I am not sure what happened, but the amount of incoming logs dramatically decreased. So I started investigating and noticed that the GUI was running really slow. I tried running commands via the console and that also was really slow. Eventually now when I checked the cluster status, it is in red and reporting 1 node only. Checking each node, they are now reporting that they are the master with only 1 node showing. Not really show what happened, but really need to get this cluster back up and running, but wanted to make sure we bring this back without causing any split brain issues. Please help, thanks.
Node 1
# curl 'localhost:9200/_cat/master?v'
id host ip node
meXRK6XITBO6x_Mfgju6yw node1 10.242.102.107 4521585a-88af-47c9-81e5-c4d13cffb148
# curl -XGET 'http://localhost:9200/_cluster/health?pretty'
{
"cluster_name" : "80e9022e-f73f-429e-8927-f23d0d88dfd2",
"status" : "red",
"timed_out" : false,
"number_of_nodes" : 1,
"number_of_data_nodes" : 1,
"active_primary_shards" : 56,
"active_shards" : 56,
"relocating_shards" : 0,
"initializing_shards" : 1,
"unassigned_shards" : 115
}
Node 2
# curl 'localhost:9200/_cat/master?v'
id host ip node
4Ctq93IFT3WHVqK3Mo5VeQ node2 10.242.102.108 30ab2b2c-439f-4bcc-977d-7c0e9a90f3a5
# curl -XGET 'http://localhost:9200/_cluster/health?pretty'
{
"cluster_name" : "80e9022e-f73f-429e-8927-f23d0d88dfd2",
"status" : "red",
"timed_out" : false,
"number_of_nodes" : 1,
"number_of_data_nodes" : 1,
"active_primary_shards" : 59,
"active_shards" : 59,
"relocating_shards" : 0,
"initializing_shards" : 0,
"unassigned_shards" : 113
}
Node 3
# curl 'localhost:9200/_cat/master?v'
id host ip node
TPLs_kcbQca8OeYwAxlANg node3 10.242.102.109 e63648a3-d912-4f5d-a867-1b99282a5e7c
# curl -XGET 'http://localhost:9200/_cluster/health?pretty'
{
"cluster_name" : "80e9022e-f73f-429e-8927-f23d0d88dfd2",
"status" : "red",
"timed_out" : false,
"number_of_nodes" : 1,
"number_of_data_nodes" : 1,
"active_primary_shards" : 58,
"active_shards" : 58,
"relocating_shards" : 0,
"initializing_shards" : 0,
"unassigned_shards" : 114
}
Status red with all nodes thinking it is the master
-
CFT6Server
- Posts: 506
- Joined: Wed Apr 15, 2015 4:21 pm
-
CFT6Server
- Posts: 506
- Joined: Wed Apr 15, 2015 4:21 pm
Re: Status red with all nodes thinking it is the master
I have brought the nodes back online by gracefully rebooting them and disabling allocation until the nodes are back. The nodes are still balancing the shards, but looks like it should be good. I am still trying to find a root cause, but looks like it could be a memory issue. I am seeing OutofMemoryError in the logs here and there.
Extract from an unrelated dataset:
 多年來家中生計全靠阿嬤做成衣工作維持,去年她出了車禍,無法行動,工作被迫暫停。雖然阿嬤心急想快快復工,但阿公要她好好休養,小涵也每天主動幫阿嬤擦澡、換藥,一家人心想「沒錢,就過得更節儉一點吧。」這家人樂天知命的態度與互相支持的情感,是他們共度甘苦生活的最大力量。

I've been tailing the elasticsearch logs and saw this come up... perhaps we are running out of resources,
I've been tailing the elasticsearch logs and saw this come up... perhaps we are running out of resources,
Code: Select all
[2015-08-12 14:51:33,852][WARN ][index.translog ] [30ab2b2c-439f-4bcc-977d-7c0e9a90f3a5] [nagioslogserver][0] failed to flush shard on translog threshold
org.elasticsearch.index.engine.FlushFailedEngineException: [nagioslogserver][0] Flush failed
at org.elasticsearch.index.engine.internal.InternalEngine.flush(InternalEngine.java:868)
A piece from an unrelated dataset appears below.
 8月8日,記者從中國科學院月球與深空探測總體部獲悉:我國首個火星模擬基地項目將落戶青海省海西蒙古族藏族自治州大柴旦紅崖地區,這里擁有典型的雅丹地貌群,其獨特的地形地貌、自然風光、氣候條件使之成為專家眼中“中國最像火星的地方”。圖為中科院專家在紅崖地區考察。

at org.elasticsearch.index.shard.service.InternalIndexShard.flush(InternalIndexShard.java:609)
at org.elasticsearch.index.translog.TranslogService$TranslogBasedFlush$1.run(TranslogService.java:201)
at java.util.concurrent.ThreadPoolExecutor.runWorker(ThreadPoolExecutor.java:1145)
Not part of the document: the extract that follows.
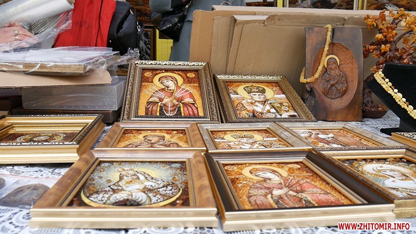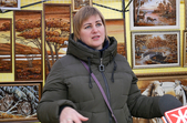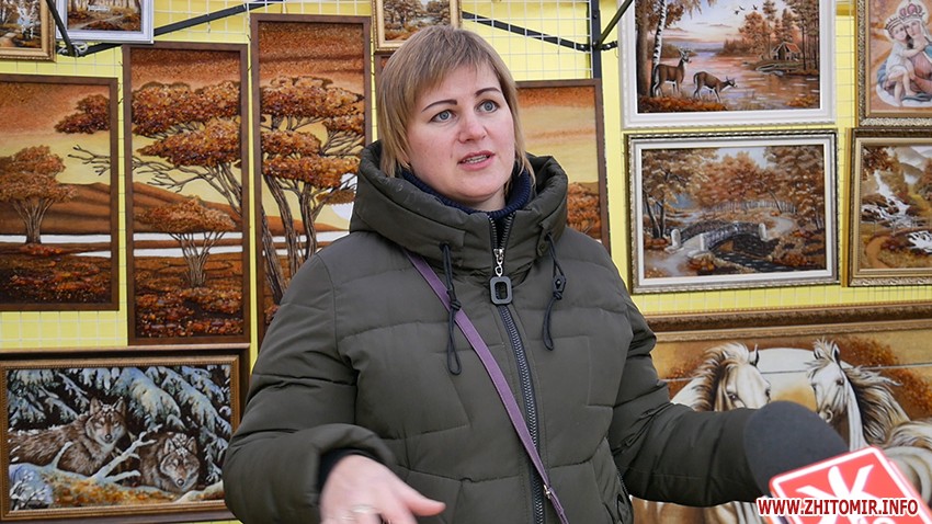 «Я з Рівненської області, представляю колекцію картин «Бурштиновий світ». Їжджу тільки по великих містах. Тут я вперше, мені дуже сподобалось ваше місто і оформлення. Ціни на картини у нас такі: 380 грн ікони, 350 грн природа і до 22 тис. грн картина з кіньми, це моя візитна картка», – розповідає продавчиня Алла.

at java.util.concurrent.ThreadPoolExecutor$Worker.run(ThreadPoolExecutor.java:615)
at java.lang.Thread.run(Thread.java:745)
Caused by: java.lang.IllegalStateException: this writer hit an OutOfMemoryError; cannot commit
at org.apache.lucene.index.IndexWriter.prepareCommitInternal(IndexWriter.java:2941)
at org.apache.lucene.index.IndexWriter.commitInternal(IndexWriter.java:3122)
at org.apache.lucene.index.IndexWriter.commit(IndexWriter.java:3089)
at org.elasticsearch.index.engine.internal.InternalEngine.flush(InternalEngine.java:858)
Re: Status red with all nodes thinking it is the master
CFT6Server,
Based on the fact that each node thought it was the master, it sounds like you encountered a split-brain scenario. This is something that we need to avoid moving forward, and to do so we'll need to set the 'minimum master node' setting under the hood.
Access the primary elasticsearch config file:
Change:
#discovery.zen.minimum_master_nodes: 1
To:
discovery.zen.minimum_master_nodes: 2
You can read more about this setting here: https://www.elastic.co/guide/en/elastic ... ster_nodes
If you're seeing out of memory errors on any node in your cluster, I highly recommend upping the amount of RAM in that node until you stop seeing said errors. This is the most common problem people have with Nagios Log Server - it can result in a lot of odd symptoms. My recommendation is to double the memory across all of your nodes (up to a maximum of 60GB per node) and check on how much free memory exists on your nodes after doing so. That will give you a good benchmark regarding how much memory is necessary per node.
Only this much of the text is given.